Familles et avocats témoignent



Pour soulager quelque peu les familles des détenus et témoigner de leur solidarité, des activistes, militants politiques et des juristes ont organisé, hier au siège du MDS à Alger, une rencontre durant laquelle, des lettres ont été envoyées aux prisonniers.Malgré la douleur et le sentiment d'injustice dont beaucoup se sentent victimes, les familles des détenus d'opinion ne sont pas près de baisser les bras. Histoire de se consoler en attendant une hypothétique délivrance, elles échangent les expériences, mais également les informations sur leurs proches détenus et leurs conditions d'incarcération.
Certes, elles ne sont pas nombreuses à s'engager, mais leurs récits sont quasiment identiques : la plupart des "jeunes du Hirak" qui croupissent en prison sont "des enfants du peuple", des "pauvres sans ressources".
C'est le cas de Fethi Ardjoune dont la s?ur est venue témoigner.
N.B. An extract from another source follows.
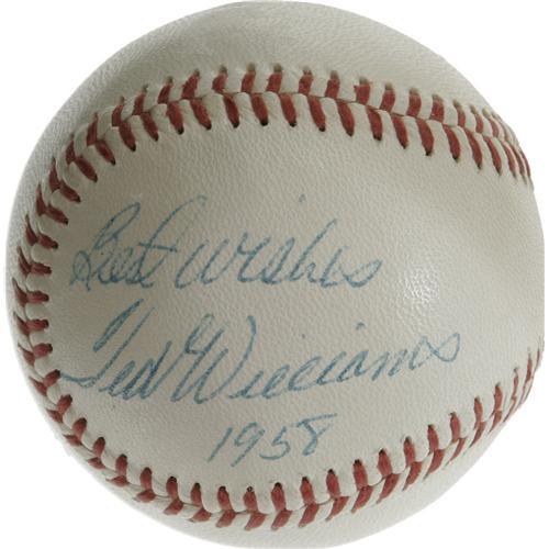 <B>1958 Ted Williams Single Signed Baseball.</B></I> If there is a finer single from the great Ted Williams' playing days, we certainly haven't seen it. For that matter, even those singles signed late in the Splinter's life could do no better than tie the presented autograph, a bona fide 10/10 blue ink inscription reading "Best Wishes, Ted Williams 1958." The spectacular OAL (Harridge) sphere has clearly been treasured by the fan to whom it was presented during Williams' final season atop the American League batting average charts, with only the fading of the ball's stamping to suggest that the ball didn't just drop out of a time machine. An absolute marvel. <I>LOA from PSA/DNA.</B></I>

Père d'une petite fille, le jeune garçon a été arrêté une première fois, condamné à deux mois de prison, puis relâché. Mais il a été remis en prison et il attend toujours son jugement. Il fait, toutefois, partie de ceux qui ont la chance d'être défendus car ceux de l'intérieur du pays ont dû subir les affres de la solitude avant d'avoir droit à une défense.
C'est le cas des détenus de Tiaret. "Durant de longues semaines, les proches des détenus ne savaient pas où ils se trouvaient. Je me rappelle l'épouse de Dahmani qui ne savait pas où se trouvait son mari, de l'angoisse qu'elle avait vécue. Mais grâce au soutien de Me Chekiri, nous avons réussi à identifier leur lieu de détention et leur constituer des avocats", témoigne Khadidja Belkhoudja, venue de Tiaret, vétérinaire de formation et militante du Hirak.
"Nous ne sommes pas des criminels", a-t-elle martelé, calmement, devant quelques familles de détenus et des militants. De crainte ou par gêne, les familles ne se sont pas montrées loquaces.
À l'inverse des avocats qui n'étaient pas avares de témoignages sur les dizaines de jeunes qu'ils défendent, parfois au péril de leur propre liberté. "Si l'un d'eux parle kabyle, on l'accuse d'appartenir au MAK, s'il apprend le Coran, on lui colle Rachad.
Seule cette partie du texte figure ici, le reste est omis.